Required action>
Scan the records below for the line with "Flow cytometry analysis" and the line with "Stainless steel keychain". Repeat those two lines and every line between them exactly, and nothing else.

Source data>
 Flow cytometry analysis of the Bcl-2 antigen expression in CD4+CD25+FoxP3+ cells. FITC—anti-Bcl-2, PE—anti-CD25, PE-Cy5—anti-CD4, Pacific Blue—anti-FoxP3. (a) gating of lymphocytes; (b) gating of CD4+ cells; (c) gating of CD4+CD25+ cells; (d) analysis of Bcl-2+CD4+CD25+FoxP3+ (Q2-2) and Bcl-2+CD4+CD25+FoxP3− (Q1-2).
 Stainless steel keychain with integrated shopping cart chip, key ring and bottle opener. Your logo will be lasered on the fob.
--
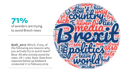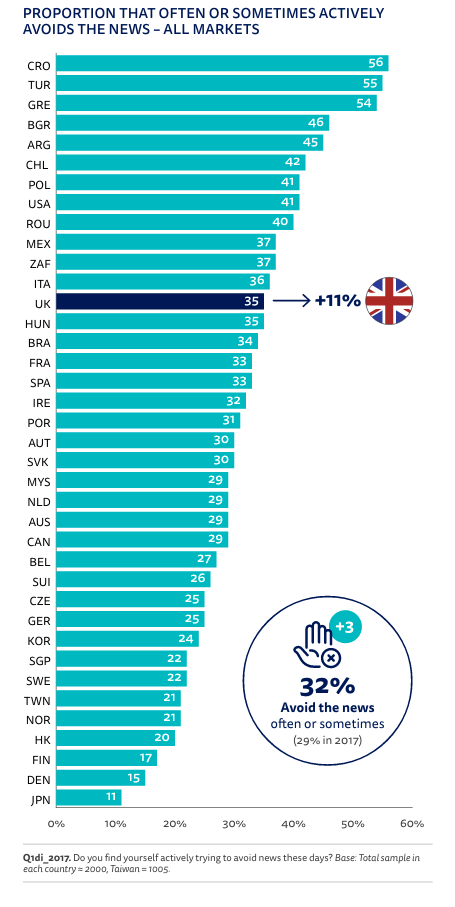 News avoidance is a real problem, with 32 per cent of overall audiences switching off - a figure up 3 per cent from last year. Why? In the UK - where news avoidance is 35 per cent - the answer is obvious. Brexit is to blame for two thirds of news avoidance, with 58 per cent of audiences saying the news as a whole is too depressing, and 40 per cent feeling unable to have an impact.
---
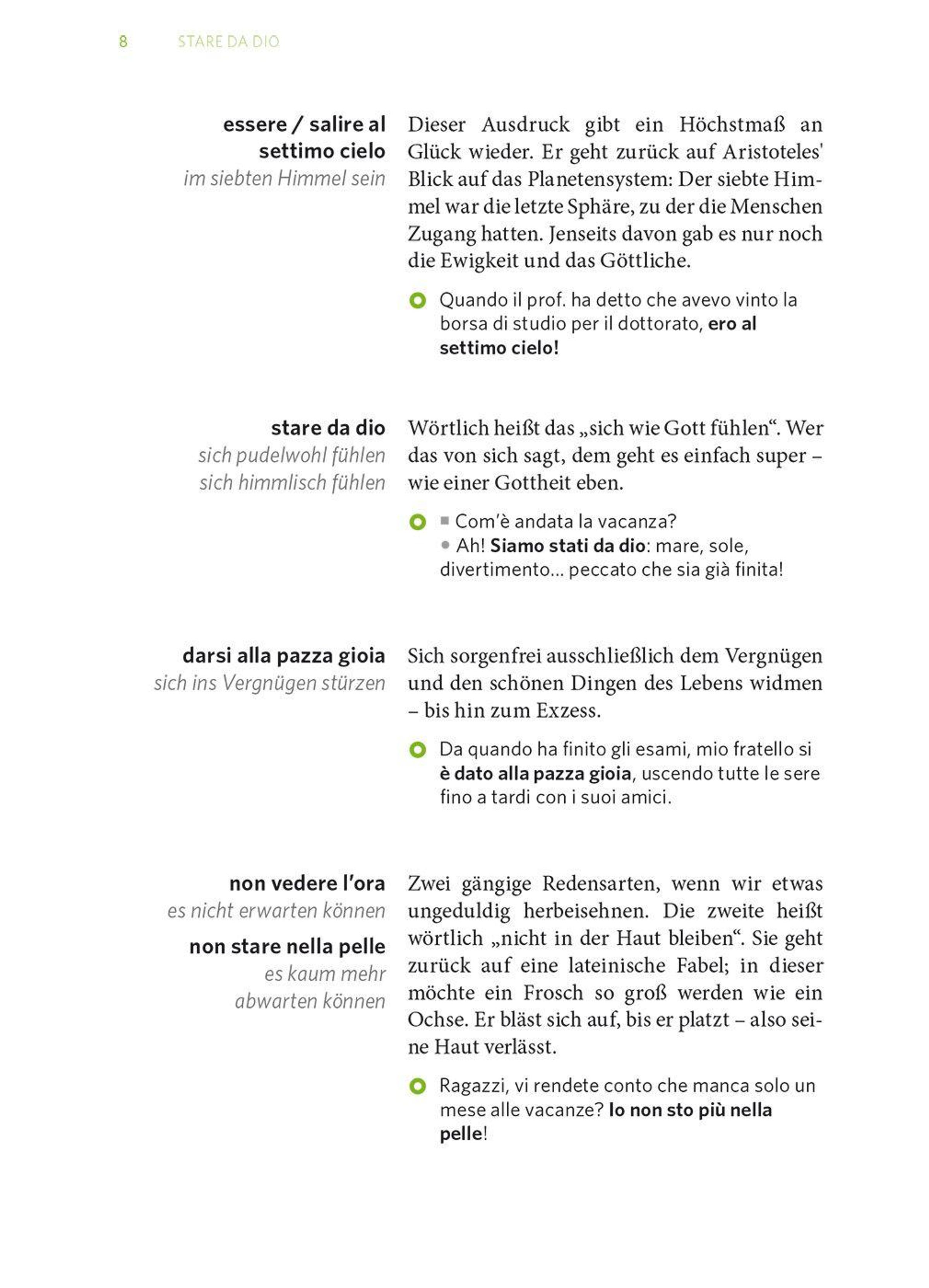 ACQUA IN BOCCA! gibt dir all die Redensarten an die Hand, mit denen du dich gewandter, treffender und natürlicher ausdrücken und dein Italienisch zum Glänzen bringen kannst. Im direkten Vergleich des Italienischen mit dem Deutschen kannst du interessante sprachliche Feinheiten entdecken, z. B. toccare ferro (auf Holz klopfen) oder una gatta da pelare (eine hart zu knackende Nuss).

Answer space>
 Flow cytometry analysis of the Bcl-2 antigen expression in CD4+CD25+FoxP3+ cells. FITC—anti-Bcl-2, PE—anti-CD25, PE-Cy5—anti-CD4, Pacific Blue—anti-FoxP3. (a) gating of lymphocytes; (b) gating of CD4+ cells; (c) gating of CD4+CD25+ cells; (d) analysis of Bcl-2+CD4+CD25+FoxP3+ (Q2-2) and Bcl-2+CD4+CD25+FoxP3− (Q1-2).
 Stainless steel keychain with integrated shopping cart chip, key ring and bottle opener. Your logo will be lasered on the fob.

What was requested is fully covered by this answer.